## Data for processing
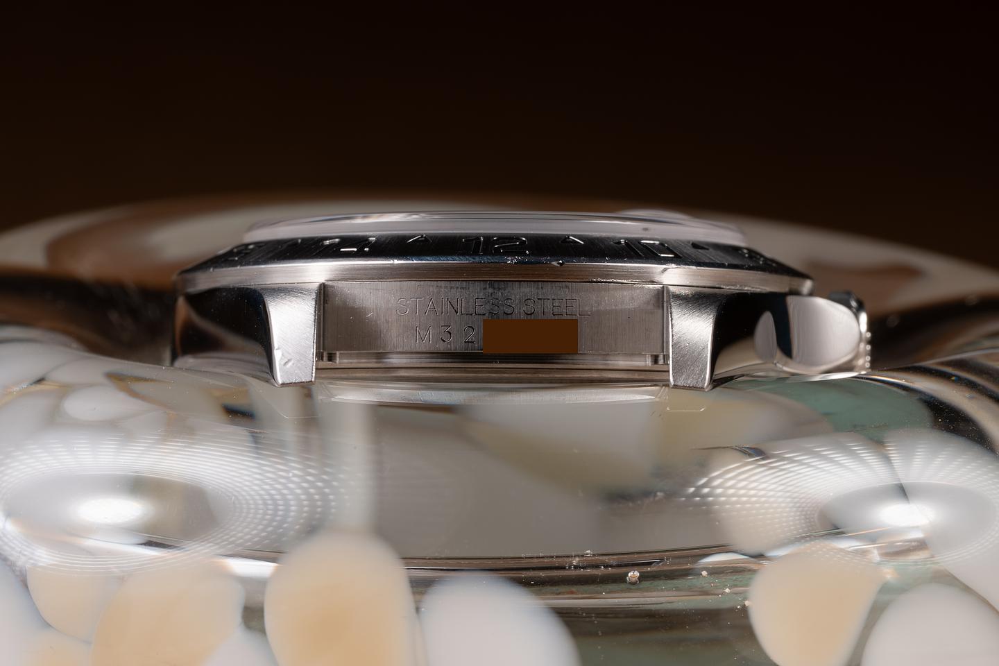 Case: The no-holes case is excellent, showing some light wear from use. The stainless bezel is also in excellent condition, showing some light wear from use. This watch has the updated 3186 movement.
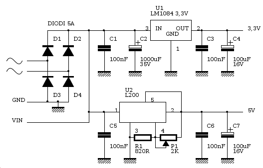 Per generare i 3,3V ho usato un regolatore in grado di erogare fino a 5A, non tanto perche' ce ne sia bisogno ma perché ... costano poco ed avere una buona corrente non e' mai un male. In questo modo posso alimentare diversi circuiti contemporaneamente circuiti senza problemi. Per il 5V ho usato un L200 che è in grado di fornire fino a 2A di corrente. L' alimentatore prevede l' ingresso di una tensione alternata da un trasformatore o da una sorgente in continua da regolare. Per il collegamento fra l' alimentatore e la scheda di sviluppo utilizzo dei semplici connettori per scheda a cui saldo i fili. Questi semplici connettori sono visibili nella parte destra della basetta. Preferisco usare questo sistema perché in questo modo posso saldarne diversi, utilizzare sempre gli stessi cavetti per il collegamento e collegare e scollegare velocemente piu' schede.
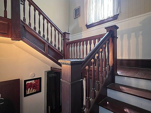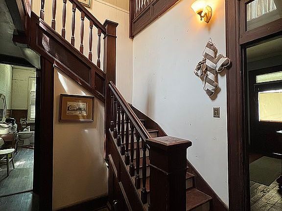 This stately home is located just outside the city limits on a 0.08 acre lot with matured trees and a picturesque setting. Main floor features living room, study, eat-in kitchen, dining room, bedroom, bathroom, and utility area. A beautiful period staircase leads upstairs to three bedrooms. Recently restored with new vinyl siding and new roof. The house has beautiful wood throughout.
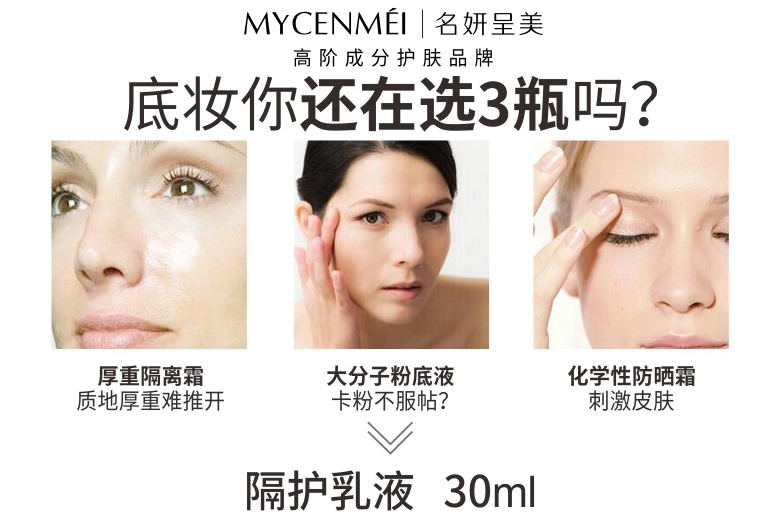 • 商品名称:名妍呈美 修妍隔护乳30g(象牙白)隔离、防晒、粉底三合一、修饰偏红、红血丝、痘印肤色
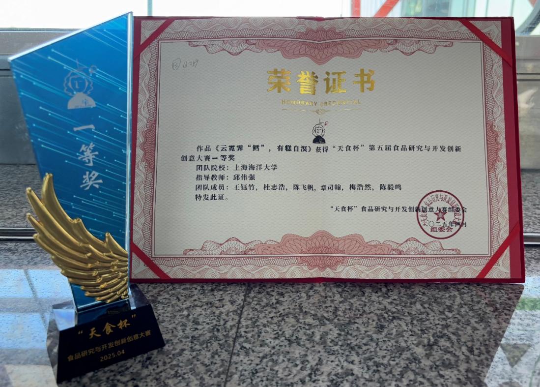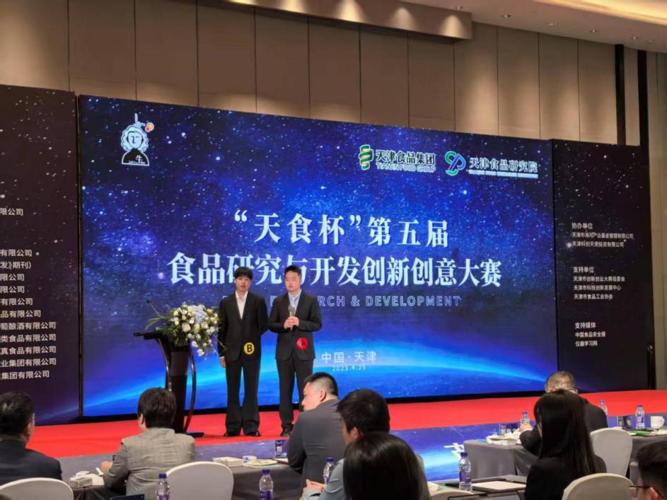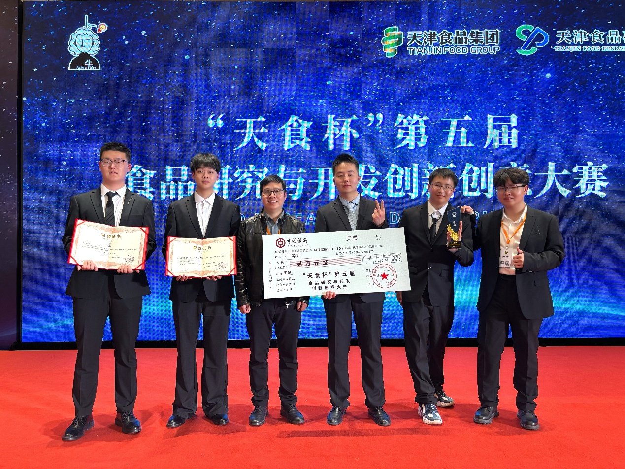 2025年4月25日,由天津食品集团主办、天津食品研究院主承办的“天食杯”第五届食品研究与开发创新创意大赛决赛在天津顺利举行。我校由王钰竹,桂志浩,陈飞帆,章司翰,梅浩然和陈毅鸣同学申报,邱伟强老师指导的作品“云霓霁‘鳕’,有糕自溟”凭借出色的项目表现,斩获一等奖;由方紫凌,林雯敏,赵佳怡,赵海娜和王述平同学申报,包海蓉老师指导的作品“四时果味·茶香飘飘”,荣获优秀奖。同时,邱伟强老师获得了优秀指导教师奖。
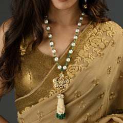 Beautifully inspired by the tree of life this Polki Emerald Sautoir is a delicate piece with lush Green Zambian Emeralds, brilliant diamond polkis, and iridescent South Sea Pearls. Beautifully statement new age heirlooms.
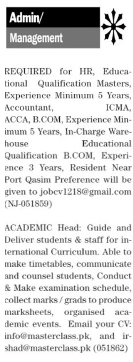 Private Company is looking for candidates for following posts as per job advertisement published in daily The News Newspaper of March 25, 2024 for location Karachi, karachi Sindh Pakistan:
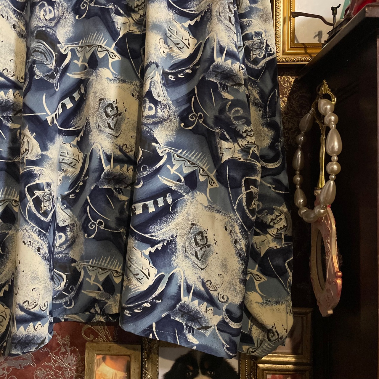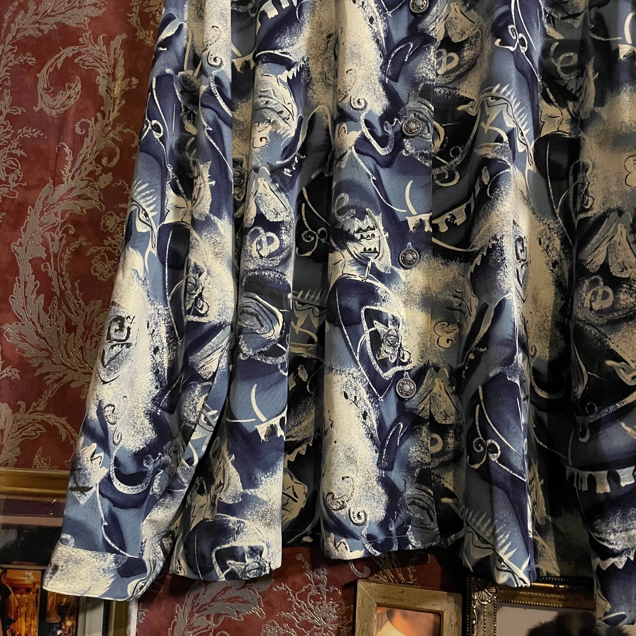 ブルー〜グレートーンをベースに、筆で描いたような模様が重なり合い、どこか幻想的な個性をまとった一枚です。
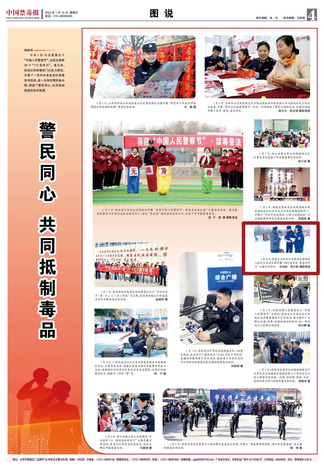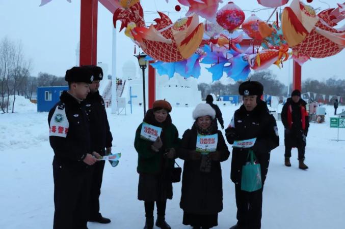 为深入开展“冬季行动”,全力做好亚冬会禁毒安保工作,切实提高广大人民群众的禁毒意识,1月7日,牡丹江市禁毒宣讲团在“110警察节”来临之际,深入牡丹江第24届雪堡乐园开展“相约亚冬会、禁毒伴你行”主题宣传活动。
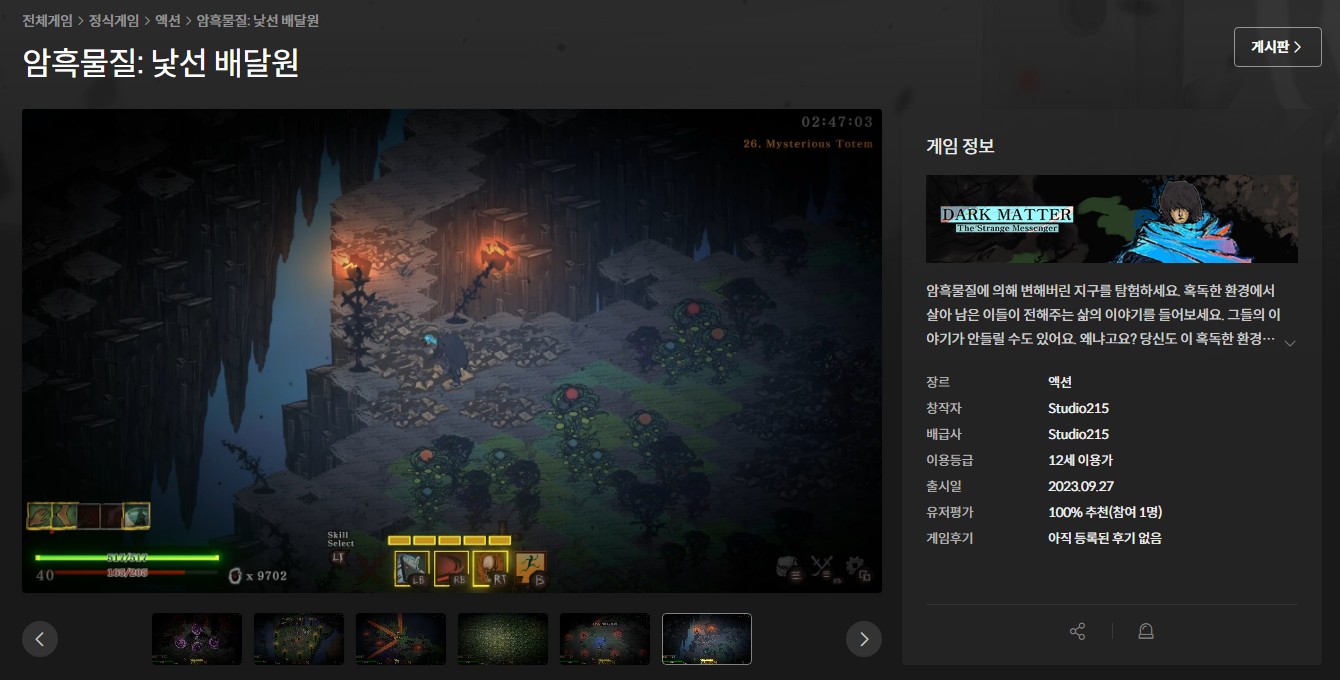암흑물질에 의해 변해버린 지구를 무대로 암흑물질의 정체를 파악하기 위해 모험을 펼치는 주인공의 이야기를 따라가볼 수 있는 게임, 암흑물질: 낯선 배달원이 23년 9월 27일 스토브 인디에서 정식으로 서비스를 시작했습니다. 스테이지를 돌파해나가는 액션 게임이자 구성 요소들을 빠르게 파악해 풀어나가는 암기형 게임으로 나름의 매력을 보여주고 있는 암흑물질: 낯선 배달원이 어떤 게임인지 한 번 즐겨보고 왔어요

## Task statement
Starting with the line that contains "2025年4月25日,由天津" and ending with the last line of the material, every line must be written out exactly; no other lines and no pictures are wanted.

## Solution for this problem
 2025年4月25日,由天津食品集团主办、天津食品研究院主承办的“天食杯”第五届食品研究与开发创新创意大赛决赛在天津顺利举行。我校由王钰竹,桂志浩,陈飞帆,章司翰,梅浩然和陈毅鸣同学申报,邱伟强老师指导的作品“云霓霁‘鳕’,有糕自溟”凭借出色的项目表现,斩获一等奖;由方紫凌,林雯敏,赵佳怡,赵海娜和王述平同学申报,包海蓉老师指导的作品“四时果味·茶香飘飘”,荣获优秀奖。同时,邱伟强老师获得了优秀指导教师奖。
 Beautifully inspired by the tree of life this Polki Emerald Sautoir is a delicate piece with lush Green Zambian Emeralds, brilliant diamond polkis, and iridescent South Sea Pearls. Beautifully statement new age heirlooms.
 Private Company is looking for candidates for following posts as per job advertisement published in daily The News Newspaper of March 25, 2024 for location Karachi, karachi Sindh Pakistan:
 ブルー〜グレートーンをベースに、筆で描いたような模様が重なり合い、どこか幻想的な個性をまとった一枚です。
 为深入开展“冬季行动”,全力做好亚冬会禁毒安保工作,切实提高广大人民群众的禁毒意识,1月7日,牡丹江市禁毒宣讲团在“110警察节”来临之际,深入牡丹江第24届雪堡乐园开展“相约亚冬会、禁毒伴你行”主题宣传活动。
암흑물질에 의해 변해버린 지구를 무대로 암흑물질의 정체를 파악하기 위해 모험을 펼치는 주인공의 이야기를 따라가볼 수 있는 게임, 암흑물질: 낯선 배달원이 23년 9월 27일 스토브 인디에서 정식으로 서비스를 시작했습니다. 스테이지를 돌파해나가는 액션 게임이자 구성 요소들을 빠르게 파악해 풀어나가는 암기형 게임으로 나름의 매력을 보여주고 있는 암흑물질: 낯선 배달원이 어떤 게임인지 한 번 즐겨보고 왔어요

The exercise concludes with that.